Cancer stem cells (CSCs) are able to maintain and regenerate the tumour, so it is critical to eliminate them to prevent cancer relapse. To do this, we must not only be able to identify CSCs, but to understand what drives their stem cell properties. We have recently identified a potential CSC marker in the mouse mammary gland, and are now investigating functional differences underlying stem cell behaviour in the breast cancer model.
Like organs derived from stem cells, tumours are also organised in a cellular hierarchy, with so-called cancer stem cells (CSC) at the apex. The identities of stem and progenitor cell populations in the mammary gland, as well as tumour-initiating cells that give rise to breast cancer, are poorly understood.
We recently identified a rare progenitor cell population in the adult murine mammary gland marked by the surface protein Lgr6 (Blaas et al., 2016). Lineage tracing analysis showed that Lgr6-positive cells are unipotent progenitors, which expand clonally during puberty but diminish in adulthood. Oncogenic mutations in Lgr6-positive cells resulted in luminal mammary gland tumours. Conversely, depletion of Lgr6-positive cells in the MMTV-PyMT model of mammary tumourigenesis dramatically impaired tumour growth.

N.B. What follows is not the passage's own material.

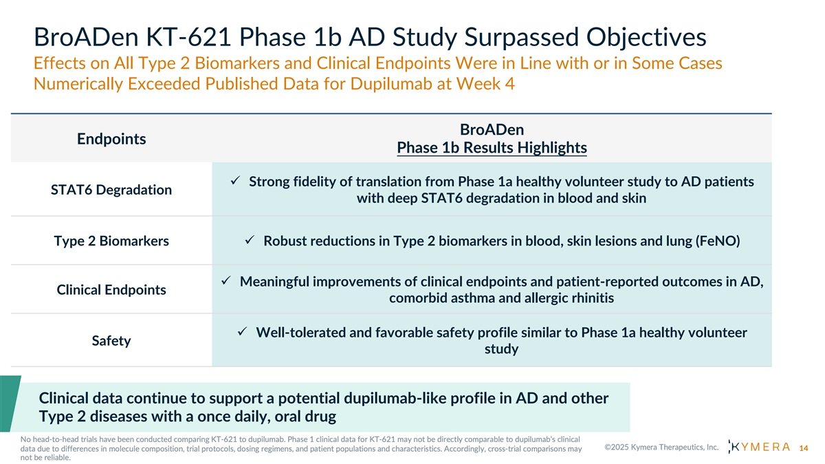KT-621 Development Plan Enables Efficient Path to Registration Across All Type 2 Diseases Ph3 Ph3: AD (Initial), Ph2b AD Dose Dose Ranging EoE, CSU, PN, BP Ongoing Data expected by Mid-2027 Ph1 HV Ph1b AD SAD-MAD Single Arm, Open Label ✓ Today’s Release ✓ Complete Ph3 Dose Ph3: Asthma (Initial), Ph2b Asthma Dose Ranging COPD, CRSwNP Anticipated Start 1Q26 Initial parallel Phase 2b trials in moderate to severe AD and asthma have the potential to support subsequent Phase 3 trials across multiple dermatology, GI, and respiratory indications 13

This work indicates that Lgr6 marks adult mammary gland progenitor cells that can initiate tumours, and CSCs of breast tumours required for efficient tumour maintenance (Blaas et al., 2016). We want to characterise Lgr6-positive CSCs in mammary tumours, using functional and molecular approaches to find differences between cancer stem cells and non-stem cells, with the ultimate goal of identifying strategies to eliminate tumour stem cells in breast cancer.